SUPPLIED MATERIAL:
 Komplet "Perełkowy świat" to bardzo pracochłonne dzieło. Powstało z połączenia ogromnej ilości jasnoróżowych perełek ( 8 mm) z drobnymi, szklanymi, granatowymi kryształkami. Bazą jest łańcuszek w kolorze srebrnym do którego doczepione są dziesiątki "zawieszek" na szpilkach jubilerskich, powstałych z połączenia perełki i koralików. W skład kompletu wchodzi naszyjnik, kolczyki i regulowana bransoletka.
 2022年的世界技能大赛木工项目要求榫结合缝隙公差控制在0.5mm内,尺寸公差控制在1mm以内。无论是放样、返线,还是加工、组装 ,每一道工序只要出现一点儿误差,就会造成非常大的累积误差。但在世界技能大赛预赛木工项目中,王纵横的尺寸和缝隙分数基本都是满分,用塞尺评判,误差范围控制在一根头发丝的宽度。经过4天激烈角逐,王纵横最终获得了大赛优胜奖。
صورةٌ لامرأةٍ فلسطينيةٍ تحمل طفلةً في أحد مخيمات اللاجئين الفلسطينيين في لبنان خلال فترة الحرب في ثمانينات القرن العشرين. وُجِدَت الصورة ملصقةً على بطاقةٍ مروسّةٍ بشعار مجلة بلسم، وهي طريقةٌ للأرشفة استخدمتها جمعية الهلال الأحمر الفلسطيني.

TASK TO CARRY OUT:
Type out exactly the span of lines from the one with "2022年的世界技能大赛木工" to the end of the material above, counting both end lines, and nothing else.

TASK RESPONSE:
 2022年的世界技能大赛木工项目要求榫结合缝隙公差控制在0.5mm内,尺寸公差控制在1mm以内。无论是放样、返线,还是加工、组装 ,每一道工序只要出现一点儿误差,就会造成非常大的累积误差。但在世界技能大赛预赛木工项目中,王纵横的尺寸和缝隙分数基本都是满分,用塞尺评判,误差范围控制在一根头发丝的宽度。经过4天激烈角逐,王纵横最终获得了大赛优胜奖。
صورةٌ لامرأةٍ فلسطينيةٍ تحمل طفلةً في أحد مخيمات اللاجئين الفلسطينيين في لبنان خلال فترة الحرب في ثمانينات القرن العشرين. وُجِدَت الصورة ملصقةً على بطاقةٍ مروسّةٍ بشعار مجلة بلسم، وهي طريقةٌ للأرشفة استخدمتها جمعية الهلال الأحمر الفلسطيني.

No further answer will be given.